Stream Processing Architectures - The Old and the New
At a high level, modern distributed stream processing pipelines execute as follows:
- Receive streaming data from data sources (e.g. live logs, system telemetry data, IoT device data, etc.) into some data ingestion system like Apache Kafka, Amazon Kinesis, etc.
- Process the data in parallel on a cluster. This is what stream processing engines are designed to do, as we will discuss in detail next.
- Output the results out to downstream systems like HBase, Cassandra, Kafka, etc.
To process the data, most traditional stream processing systems are designed with a continuous operator model, which works as follows:
- There is a set of worker nodes, each of which run one or more continuous operators.

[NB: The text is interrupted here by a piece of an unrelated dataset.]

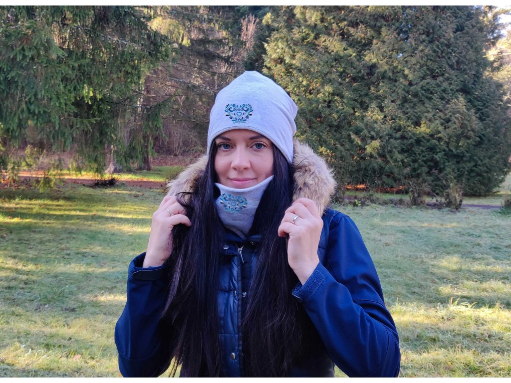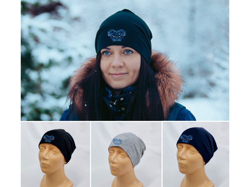 Unisex čiapka s vyšívaným motívom vzoru IKA modrá - na výber z viacerých farieb látky, tenšie alebo zateplené čiapky, možnosť zvoliť si nákrčník/multifunkčnú šatku k čiapke za zvýhodnenú cenu!

- Each continuous operator processes the streaming data one record at a time and forwards the records to other operators in the pipeline.
- There are “source” operators for receiving data from ingestion systems, and “sink” operators that output to downstream systems.
Figure 1: Architecture of traditional stream processing systems
Continuous operators are a simple and natural model. However, with today’s trend towards larger scale and more complex real-time analytics, this traditional architecture has also met some challenges. We designed Spark Streaming to satisfy the following requirements:
- Fast failure and straggler recovery - With greater scale, there is a higher likelihood of a cluster node failing or unpredictably slowing down (i.e. stragglers). The system must be able to automatically recover from failures and stragglers to provide results in real time. Unfortunately, the static allocation of continuous operators to worker nodes makes it challenging for traditional systems to recover quickly from faults and stragglers.
- Load balancing - Uneven allocation of the processing load between the workers can cause bottlenecks in a continuous operator system. This is more likely to occur in large clusters and dynamically varying workloads. The system needs to be able to dynamically adapt the resource allocation based on the workload.
- Unification of streaming, batch and interactive workloads - In many use cases, it is also attractive to query the streaming data interactively (after all, the streaming system has it all in memory), or to combine it with static datasets (e.g. pre-computed models). This is hard in continuous operator systems as they are not designed to the dynamically introduce new operators for ad-hoc queries. This requires a single engine that can combine batch, streaming and interactive queries.
- Advanced analytics like machine learning and SQL queries - More complex workloads require continuously learning and updating data models, or even querying the “latest” view of streaming data with SQL queries. Again, having a common abstraction across these analytic tasks makes the developer’s job much easier.
To address these requirements, Spark Streaming uses a new architecture called discretized streams that directly leverages the rich libraries and fault tolerance of the Spark engine.
Architecture of Spark Streaming: Discretized Streams
Instead of processing the streaming data one record at a time, Spark Streaming discretizes the streaming data into tiny, sub-second micro-batches. In other words, Spark Streaming’s Receivers accept data in parallel and buffer it in the memory of Spark’s workers nodes. Then the latency-optimized Spark engine runs short tasks (tens of milliseconds) to process the batches and output the results to other systems. Note that unlike the traditional continuous operator model, where the computation is statically allocated to a node, Spark tasks are assigned dynamically to the workers based on the locality of the data and available resources. This enables both better load balancing and faster fault recovery, as we will illustrate next.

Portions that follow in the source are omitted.